Susan Myers se despertó al lado de Charlie, su marido desde hacía treinta y tres años. Estaba acostada en silencio, en la semioscuridad, procurando no moverse. No quería que él supiera que estaba despierta. No quería hablar con él. A través de los párpados medio abiertos se quedó mirando cómo la cortina iba y venía movida por el viento que entraba por la ventana abierta, que revelaba pequeños retazos del brillante mundo exterior. ¿Tenía algún sentido levantarse? Durante la semana conseguía llenar su tiempo con amigas, compras y compromisos sociales; pero los fines de semana, los domingos en especial, eran largos, aburridos y vacíos. Desde que Charlie se había jubilado, hacía once meses, sus vidas se habían vuelto cada vez más grises y monótonas. La mayor parte de sus amigas tenían a sus hijos y el resto de la familia para tenerlas ocupadas, pero todo lo que ella tenía era a él, y él la aburría. Él parecía feliz sin hacer nada pero ella no lo podía soportar. Él quería deambular por la casa y el jardín, ella quería salir. Ella quería gritarle y chillarle para hacerle entender cómo se sentía, pero sabía que era inútil. Él ni siquiera era consciente de que ella era infeliz.
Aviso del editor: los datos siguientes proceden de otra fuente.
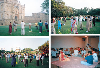 印度法轮功学员在教功和集体炼功 印度 2000-3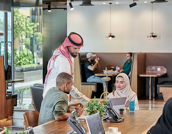 1 day / month Coworking space use included + pay-as-you-go at SAR150 / day at our spacious Coworking lounges at any location. Pay only when you need it, where you need it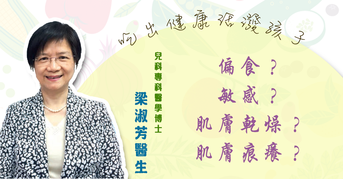 幾乎每個孩子從接近1歲起,就會開始出現一些偏食行為;另外,孩子肌膚敏感乾癢也是許多家長共同的困擾。兒科專科醫學博士-梁淑芳醫生,將逐一為你解決問題。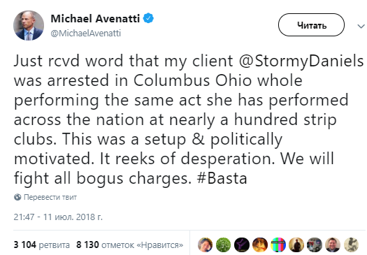 Об аресте своей подзащитной сообщил адвокат Майкл Авенатти в своем микроблоге в Тwitter.

Allá va, pensó cuando él se movió y se dio la vuelta en la cama. Quizá -sólo quizá- se había dado la vuelta para ponerse de cara a ella, pasar el brazo a su alrededor y decirle que la amaba, y empezar a besarla y a tocarla como solía hacer. Hacía tanto tiempo desde que hicieron el amor por última vez que ella casi había olvidado qué se sentía. Y en las muy raras ocasiones en que ella conseguía ponerlo a tono (en estos días siempre es ella la que tiene que dar el primer paso), él se sobreexcitaba tanto que la pasión, si es que se podía llamar así, generalmente se acababa al cabo de unos desesperadamente escasos y vacíos minutos. Si hacía meses desde la última vez que habían hecho el amor, habían pasado años desde que ella se sintió satisfecha.
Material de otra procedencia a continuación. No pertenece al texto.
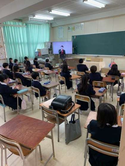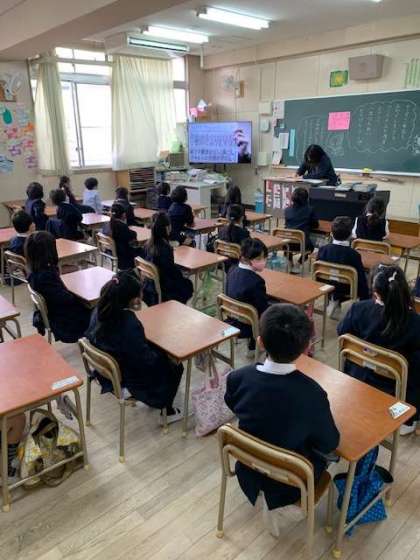 分校では、コロナ禍の中で本校と同じく放送で始業式を行いました。

¿Quizá, debería tener un lío? Lo había pensado pero nunca había tenido el temple para hacerlo. Charlie probablemente ni se daría cuenta. Había un hombre en una de las clases de baile a las que asistía entre semana al que había pescado mirándola demasiadas veces para que fuera pura coincidencia. La idea de verse con alguien la tentaba, pero sabía que corría un gran riesgo si lo hacía. Le preocupaba que pudiera acabar perdiendo todo por lo que había trabajado con Charlie por una excitación y una aventura momentáneas. A ella le gustaba su gran casa y las ropas caras y todo lo que iba asociado con ello. Le gustaba el alto estatus social que le otorgaba y no quería dejar nada de eso. Pero ¿y si el hombre de la clase de baile le podía dar todo eso y también sexo…?
– ¿Una taza de té?
Así empezaba Charlie todos los días. No «buenos días» o «¿cómo te encuentras hoy?» o «te quiero» o algo parecido. Sólo una corta e impersonal pregunta medio formulada. ¿Debía responder o debía quedarse callada y fingir que seguía durmiendo?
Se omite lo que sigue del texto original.